**What is needed**
Pictures are to be left out. Copy exactly, and only, the lines from the start of the entries below to the line with "Color BurgundyCylinders 8Drive", both included.

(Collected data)
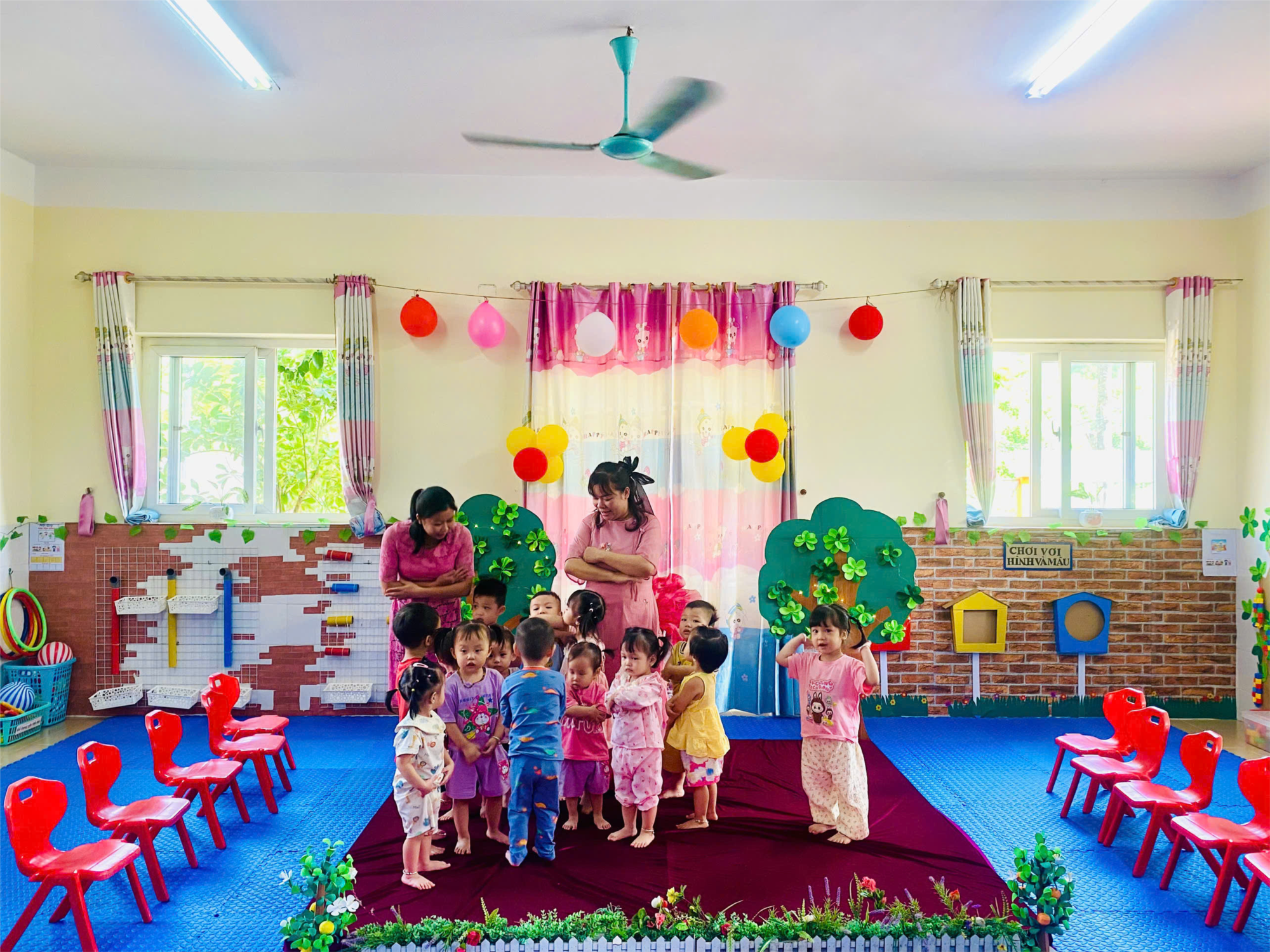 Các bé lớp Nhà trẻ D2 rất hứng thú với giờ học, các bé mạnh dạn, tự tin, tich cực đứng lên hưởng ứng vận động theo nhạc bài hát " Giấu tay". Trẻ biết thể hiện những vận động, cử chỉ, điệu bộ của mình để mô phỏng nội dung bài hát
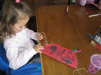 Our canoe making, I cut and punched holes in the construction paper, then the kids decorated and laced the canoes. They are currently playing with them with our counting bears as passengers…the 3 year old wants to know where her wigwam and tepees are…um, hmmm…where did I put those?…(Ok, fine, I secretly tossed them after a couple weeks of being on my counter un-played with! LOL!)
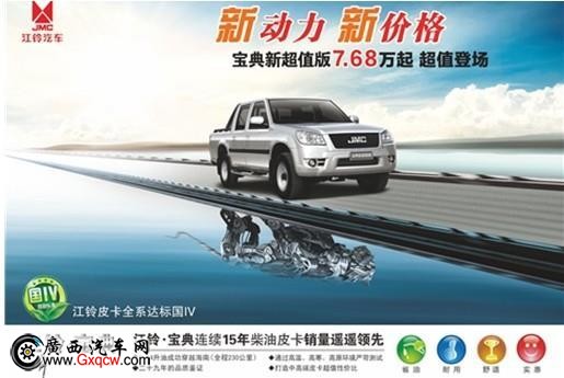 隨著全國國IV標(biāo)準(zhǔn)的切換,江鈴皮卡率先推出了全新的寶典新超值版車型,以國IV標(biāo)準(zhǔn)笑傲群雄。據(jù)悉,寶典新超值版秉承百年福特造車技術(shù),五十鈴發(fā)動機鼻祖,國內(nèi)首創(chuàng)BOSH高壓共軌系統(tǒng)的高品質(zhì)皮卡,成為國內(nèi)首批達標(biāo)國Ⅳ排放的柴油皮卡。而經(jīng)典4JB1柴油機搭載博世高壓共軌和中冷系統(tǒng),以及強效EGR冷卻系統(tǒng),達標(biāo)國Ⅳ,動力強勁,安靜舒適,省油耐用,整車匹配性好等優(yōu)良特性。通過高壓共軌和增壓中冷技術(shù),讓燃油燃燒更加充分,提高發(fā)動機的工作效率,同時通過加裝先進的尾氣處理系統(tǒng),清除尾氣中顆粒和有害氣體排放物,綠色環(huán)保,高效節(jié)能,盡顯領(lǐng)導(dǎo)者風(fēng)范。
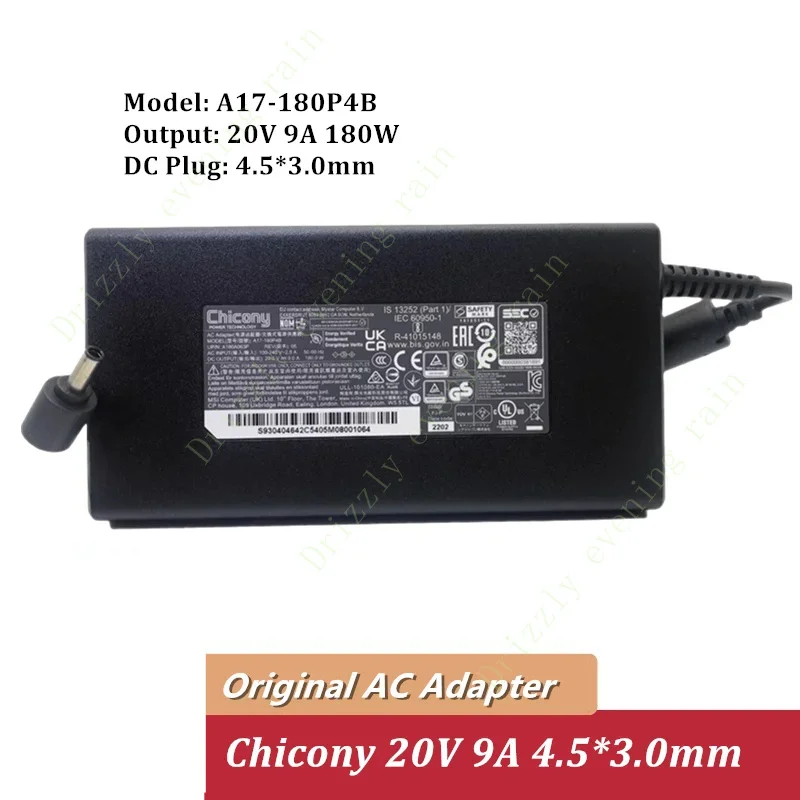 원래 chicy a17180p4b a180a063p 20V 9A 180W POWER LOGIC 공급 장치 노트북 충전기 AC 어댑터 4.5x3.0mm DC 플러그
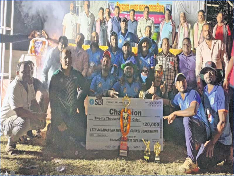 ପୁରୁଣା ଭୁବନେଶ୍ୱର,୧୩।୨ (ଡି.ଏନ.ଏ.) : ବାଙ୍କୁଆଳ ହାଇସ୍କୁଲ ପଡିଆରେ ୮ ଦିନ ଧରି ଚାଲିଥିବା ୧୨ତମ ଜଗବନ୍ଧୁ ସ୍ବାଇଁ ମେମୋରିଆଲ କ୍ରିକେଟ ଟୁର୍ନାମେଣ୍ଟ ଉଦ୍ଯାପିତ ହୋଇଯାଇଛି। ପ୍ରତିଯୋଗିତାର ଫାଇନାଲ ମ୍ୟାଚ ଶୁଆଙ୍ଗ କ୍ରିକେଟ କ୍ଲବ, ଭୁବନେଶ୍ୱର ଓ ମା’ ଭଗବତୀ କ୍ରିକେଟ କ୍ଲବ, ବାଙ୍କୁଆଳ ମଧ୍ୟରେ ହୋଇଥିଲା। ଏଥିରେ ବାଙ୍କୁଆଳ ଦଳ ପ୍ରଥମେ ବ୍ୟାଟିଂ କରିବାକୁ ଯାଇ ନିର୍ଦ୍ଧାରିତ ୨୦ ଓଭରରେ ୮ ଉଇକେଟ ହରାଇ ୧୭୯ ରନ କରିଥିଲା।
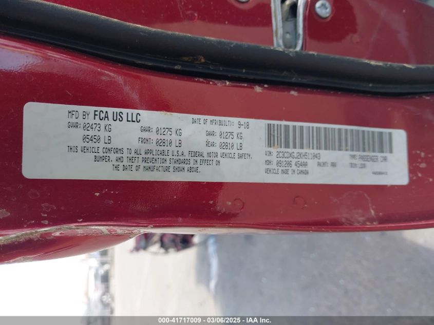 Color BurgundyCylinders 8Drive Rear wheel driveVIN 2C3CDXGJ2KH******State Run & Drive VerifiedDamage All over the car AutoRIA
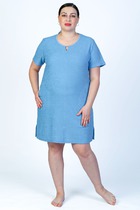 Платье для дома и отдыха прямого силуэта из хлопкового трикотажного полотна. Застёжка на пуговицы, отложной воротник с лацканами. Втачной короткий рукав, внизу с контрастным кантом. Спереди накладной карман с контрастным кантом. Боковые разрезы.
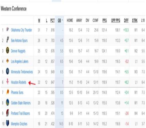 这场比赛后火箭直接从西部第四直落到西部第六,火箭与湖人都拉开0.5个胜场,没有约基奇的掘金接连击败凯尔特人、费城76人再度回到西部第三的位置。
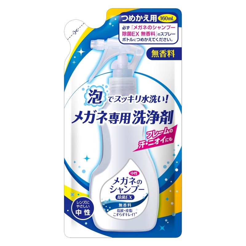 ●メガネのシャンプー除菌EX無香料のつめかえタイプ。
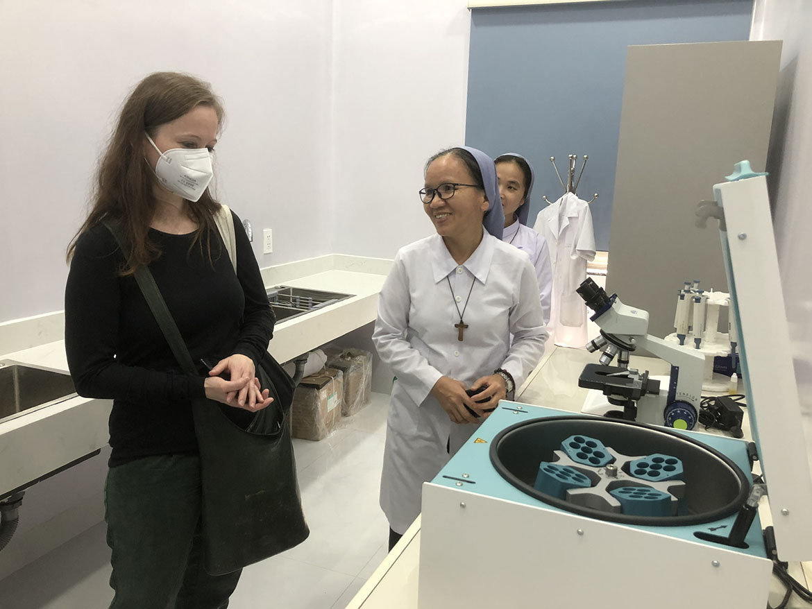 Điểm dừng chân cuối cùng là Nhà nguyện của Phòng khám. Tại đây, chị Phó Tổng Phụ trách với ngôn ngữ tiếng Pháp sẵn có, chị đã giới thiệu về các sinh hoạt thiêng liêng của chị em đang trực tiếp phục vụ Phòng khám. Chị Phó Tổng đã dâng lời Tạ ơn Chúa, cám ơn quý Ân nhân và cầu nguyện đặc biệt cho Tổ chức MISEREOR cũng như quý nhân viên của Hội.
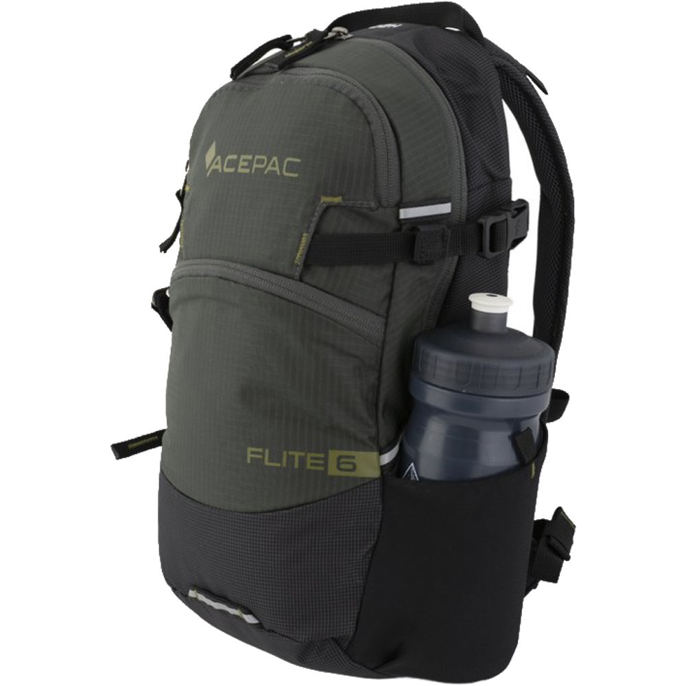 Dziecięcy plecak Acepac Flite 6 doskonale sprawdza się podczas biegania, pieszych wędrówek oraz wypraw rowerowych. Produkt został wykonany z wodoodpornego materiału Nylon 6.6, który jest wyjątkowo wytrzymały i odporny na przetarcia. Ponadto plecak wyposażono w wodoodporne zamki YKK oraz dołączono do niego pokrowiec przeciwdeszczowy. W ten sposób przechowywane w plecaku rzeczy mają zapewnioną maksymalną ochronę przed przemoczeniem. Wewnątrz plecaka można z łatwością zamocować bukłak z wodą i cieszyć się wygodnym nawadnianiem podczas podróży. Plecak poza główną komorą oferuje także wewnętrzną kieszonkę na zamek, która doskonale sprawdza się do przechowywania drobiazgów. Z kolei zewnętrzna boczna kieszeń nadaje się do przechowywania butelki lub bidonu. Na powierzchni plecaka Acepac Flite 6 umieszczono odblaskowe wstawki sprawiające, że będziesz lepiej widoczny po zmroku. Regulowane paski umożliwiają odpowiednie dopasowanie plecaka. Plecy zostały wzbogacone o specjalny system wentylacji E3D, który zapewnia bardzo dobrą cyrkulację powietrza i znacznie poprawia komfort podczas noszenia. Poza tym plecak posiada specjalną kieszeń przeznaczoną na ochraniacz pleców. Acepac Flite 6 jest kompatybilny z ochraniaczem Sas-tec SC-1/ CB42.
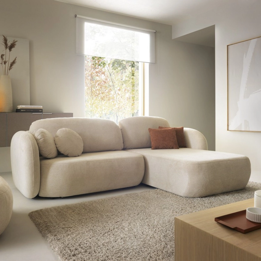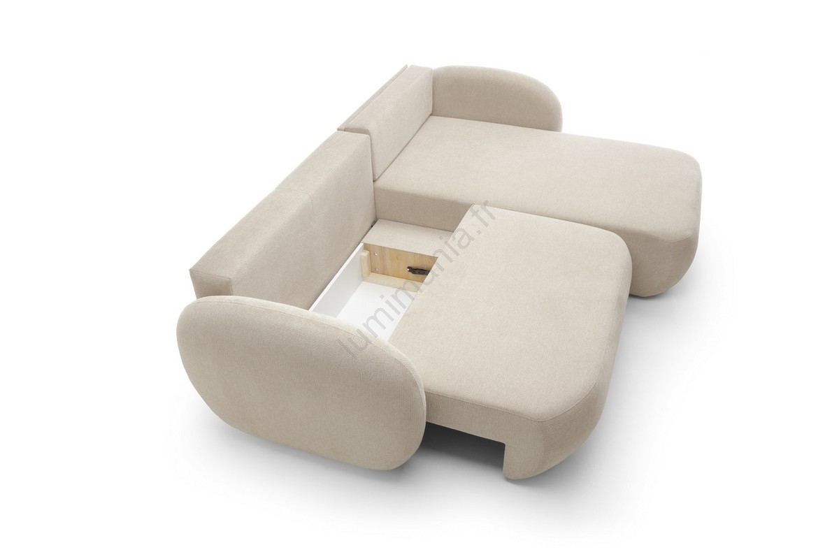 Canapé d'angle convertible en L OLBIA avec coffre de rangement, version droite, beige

**Answer to the problem**
 Các bé lớp Nhà trẻ D2 rất hứng thú với giờ học, các bé mạnh dạn, tự tin, tich cực đứng lên hưởng ứng vận động theo nhạc bài hát " Giấu tay". Trẻ biết thể hiện những vận động, cử chỉ, điệu bộ của mình để mô phỏng nội dung bài hát
 Our canoe making, I cut and punched holes in the construction paper, then the kids decorated and laced the canoes. They are currently playing with them with our counting bears as passengers…the 3 year old wants to know where her wigwam and tepees are…um, hmmm…where did I put those?…(Ok, fine, I secretly tossed them after a couple weeks of being on my counter un-played with! LOL!)
 隨著全國國IV標(biāo)準(zhǔn)的切換,江鈴皮卡率先推出了全新的寶典新超值版車型,以國IV標(biāo)準(zhǔn)笑傲群雄。據(jù)悉,寶典新超值版秉承百年福特造車技術(shù),五十鈴發(fā)動機鼻祖,國內(nèi)首創(chuàng)BOSH高壓共軌系統(tǒng)的高品質(zhì)皮卡,成為國內(nèi)首批達標(biāo)國Ⅳ排放的柴油皮卡。而經(jīng)典4JB1柴油機搭載博世高壓共軌和中冷系統(tǒng),以及強效EGR冷卻系統(tǒng),達標(biāo)國Ⅳ,動力強勁,安靜舒適,省油耐用,整車匹配性好等優(yōu)良特性。通過高壓共軌和增壓中冷技術(shù),讓燃油燃燒更加充分,提高發(fā)動機的工作效率,同時通過加裝先進的尾氣處理系統(tǒng),清除尾氣中顆粒和有害氣體排放物,綠色環(huán)保,高效節(jié)能,盡顯領(lǐng)導(dǎo)者風(fēng)范。
 원래 chicy a17180p4b a180a063p 20V 9A 180W POWER LOGIC 공급 장치 노트북 충전기 AC 어댑터 4.5x3.0mm DC 플러그
 ପୁରୁଣା ଭୁବନେଶ୍ୱର,୧୩।୨ (ଡି.ଏନ.ଏ.) : ବାଙ୍କୁଆଳ ହାଇସ୍କୁଲ ପଡିଆରେ ୮ ଦିନ ଧରି ଚାଲିଥିବା ୧୨ତମ ଜଗବନ୍ଧୁ ସ୍ବାଇଁ ମେମୋରିଆଲ କ୍ରିକେଟ ଟୁର୍ନାମେଣ୍ଟ ଉଦ୍ଯାପିତ ହୋଇଯାଇଛି। ପ୍ରତିଯୋଗିତାର ଫାଇନାଲ ମ୍ୟାଚ ଶୁଆଙ୍ଗ କ୍ରିକେଟ କ୍ଲବ, ଭୁବନେଶ୍ୱର ଓ ମା’ ଭଗବତୀ କ୍ରିକେଟ କ୍ଲବ, ବାଙ୍କୁଆଳ ମଧ୍ୟରେ ହୋଇଥିଲା। ଏଥିରେ ବାଙ୍କୁଆଳ ଦଳ ପ୍ରଥମେ ବ୍ୟାଟିଂ କରିବାକୁ ଯାଇ ନିର୍ଦ୍ଧାରିତ ୨୦ ଓଭରରେ ୮ ଉଇକେଟ ହରାଇ ୧୭୯ ରନ କରିଥିଲା।
 Color BurgundyCylinders 8Drive Rear wheel driveVIN 2C3CDXGJ2KH******State Run & Drive VerifiedDamage All over the car AutoRIA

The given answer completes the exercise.